The result should be an exact copy of only the lines from the one with "A golden flaky" through the last line of the data below, with pictures omitted.

(Extracted data entries)
• • • • • • •
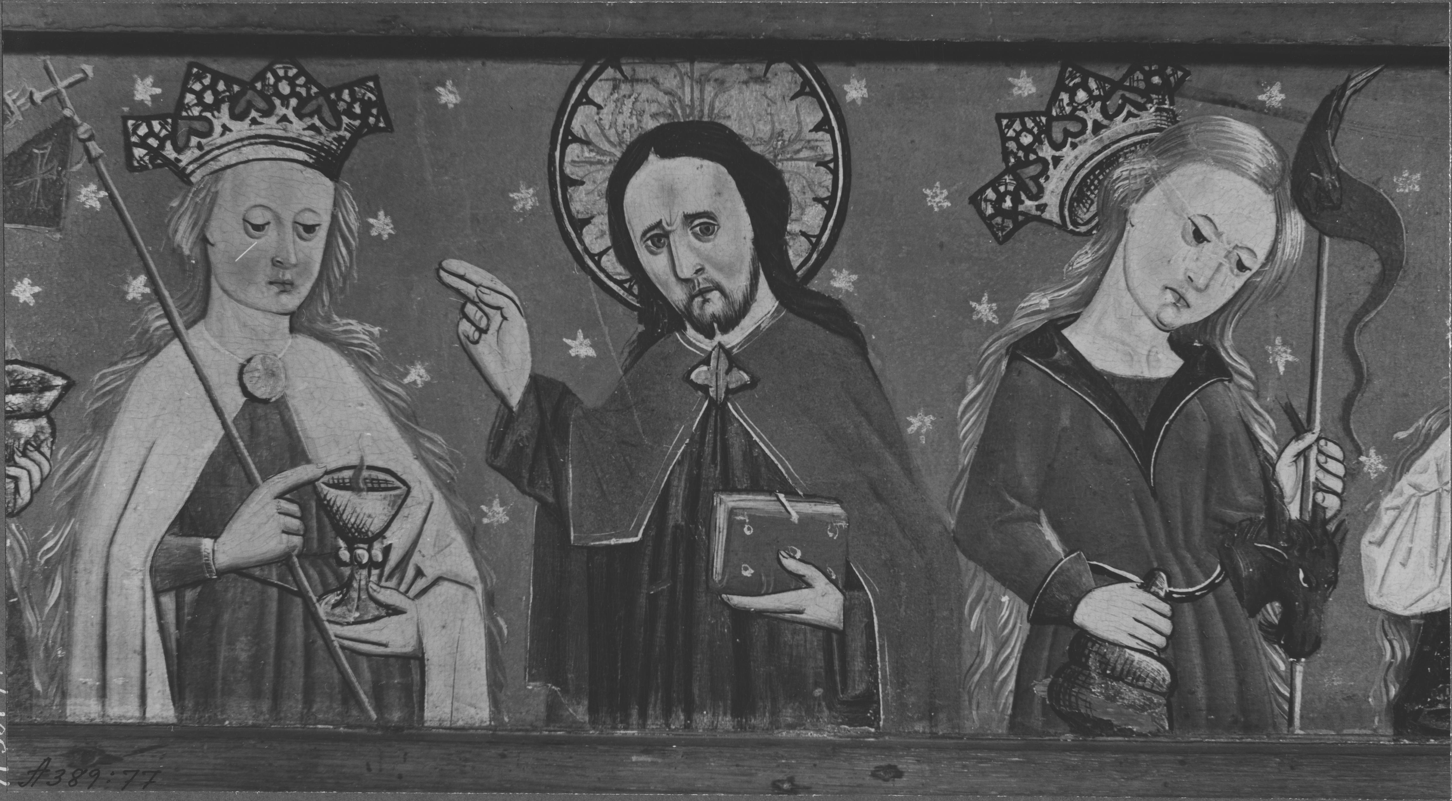 Beskrivning: Altarskåp, predellan med de visa och fåviska jungfrurna, detalj.
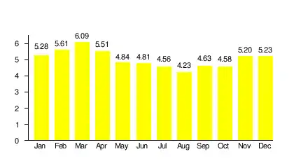 ![]() يصل معدل الإشعاع الشمسي في بانكوك لليوم الواحد إلى حوالي 5.4 ساعة.[7][8] |
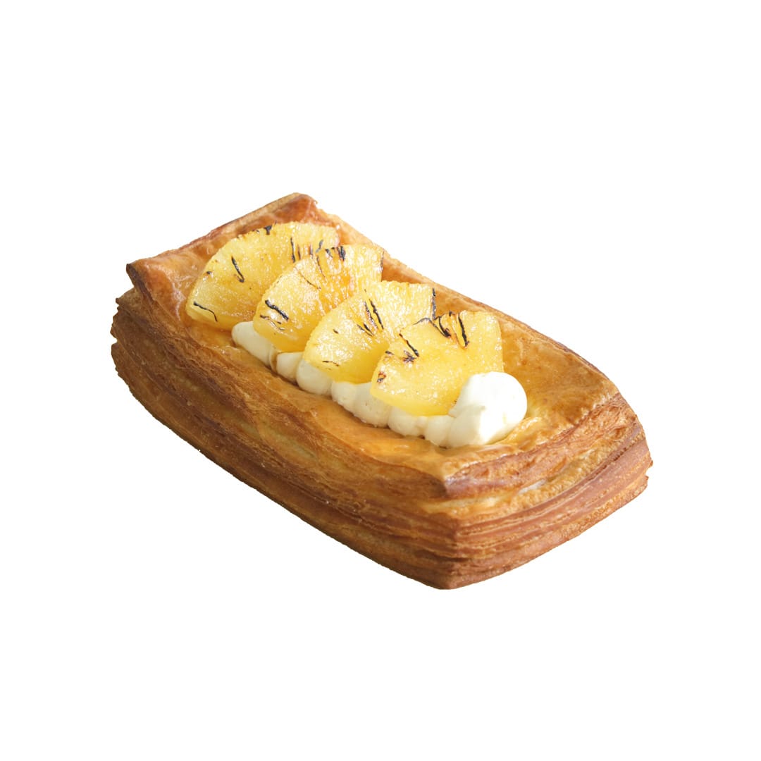 A golden flaky Danish topped with juicy pineapple, offering a refreshing balance of sweetness and tropical flavour.
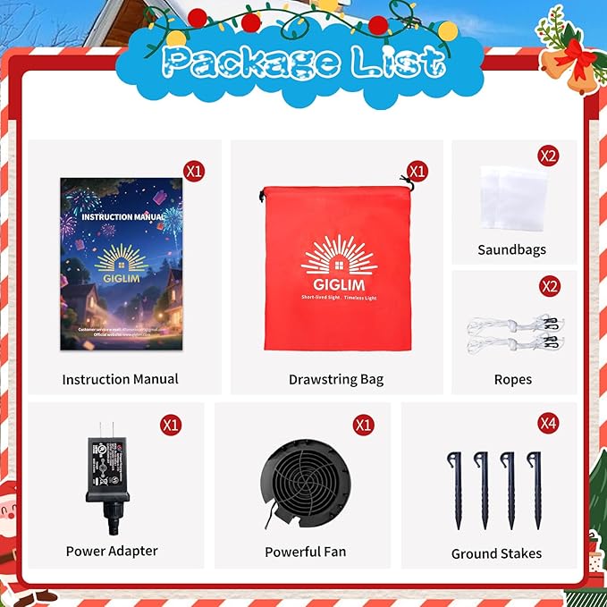 - 【Sturdy Installation Design】: Stays stable in wind! This Blow up Snow Man Yard Decor comes with 4 ground stakes, 3*2-meter ropes, and 2 sandbags. Fill sandbags, place inside before inflating—the Christmas inflatable snowman stands strong. Enjoy your inflatable christmas yard decoration with peace of mind!
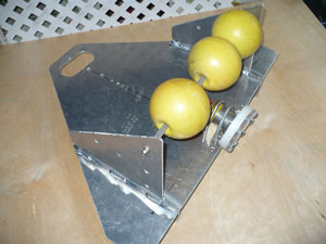Wing Cam designed and built by Bill Lee for observing the performance of trawl nets. The device holds the camera and can be flown around below the surface for varied angles. of view. ?Photo by Bill Lee |
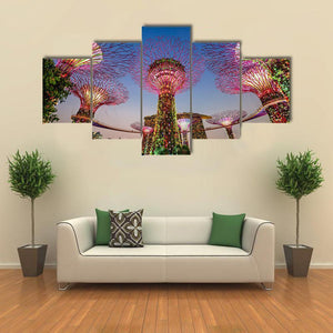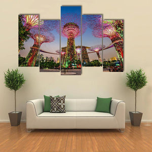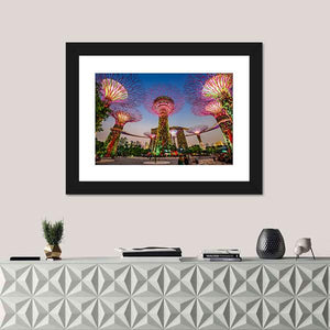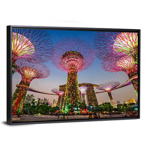 This canvas wall art features the enchanting supertrees at Gardens by the Bay, bathed in vibrant colors like green, pink, and yellow. The captivating scene, illuminated under a nighttime sky, evokes a magical ambiance, ideal for modern décor.
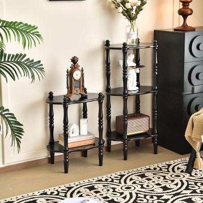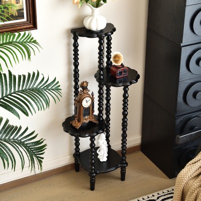 Solid wood side table with ash wood grain pattern and calabash-shaped legs
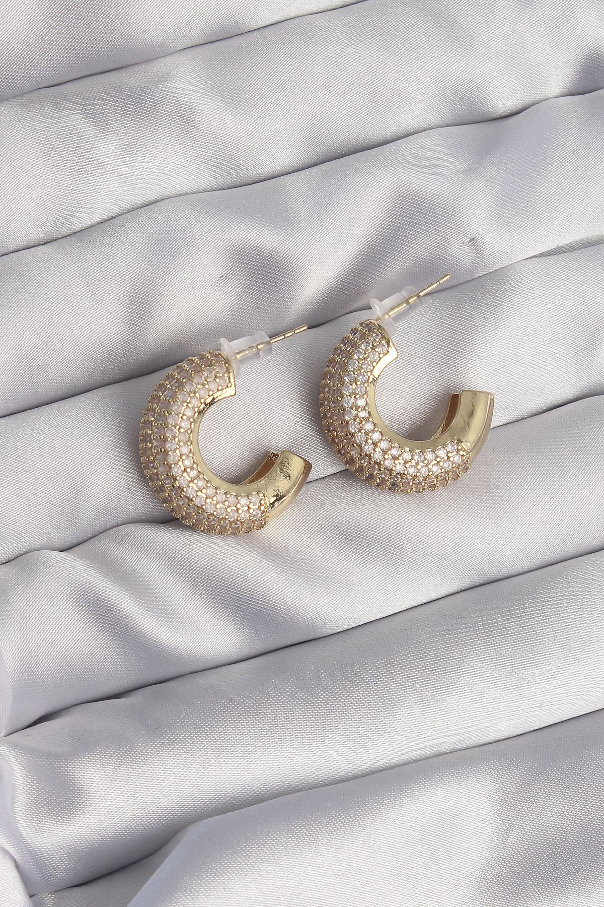 YRTCL Pirinç Gold Renk Zirkon Taşlı Yarım Halka Küpe
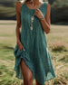 SPECIFICATIONS Style: Casual Material: Cotton Blends Dress Type: Shift dress Dress Length: Knee Length Neckline: Round Neck Pattern Type: Print Sleeve Length: Sleeveless Fit Type: Regular Season: Spring,Summer Occasion: Daily Package Includes: 1 x Dress SIZE TABLE Size Bust Length CM INCH CM INCH S 95 37.4 100 39.37 M 100 3...
• • • • • • •
SOLUTION FOR THIS EXERCISE
 A golden flaky Danish topped with juicy pineapple, offering a refreshing balance of sweetness and tropical flavour.
 - 【Sturdy Installation Design】: Stays stable in wind! This Blow up Snow Man Yard Decor comes with 4 ground stakes, 3*2-meter ropes, and 2 sandbags. Fill sandbags, place inside before inflating—the Christmas inflatable snowman stands strong. Enjoy your inflatable christmas yard decoration with peace of mind!
Wing Cam designed and built by Bill Lee for observing the performance of trawl nets. The device holds the camera and can be flown around below the surface for varied angles. of view. ?Photo by Bill Lee |
 This canvas wall art features the enchanting supertrees at Gardens by the Bay, bathed in vibrant colors like green, pink, and yellow. The captivating scene, illuminated under a nighttime sky, evokes a magical ambiance, ideal for modern décor.
 Solid wood side table with ash wood grain pattern and calabash-shaped legs
 YRTCL Pirinç Gold Renk Zirkon Taşlı Yarım Halka Küpe
 SPECIFICATIONS Style: Casual Material: Cotton Blends Dress Type: Shift dress Dress Length: Knee Length Neckline: Round Neck Pattern Type: Print Sleeve Length: Sleeveless Fit Type: Regular Season: Spring,Summer Occasion: Daily Package Includes: 1 x Dress SIZE TABLE Size Bust Length CM INCH CM INCH S 95 37.4 100 39.37 M 100 3...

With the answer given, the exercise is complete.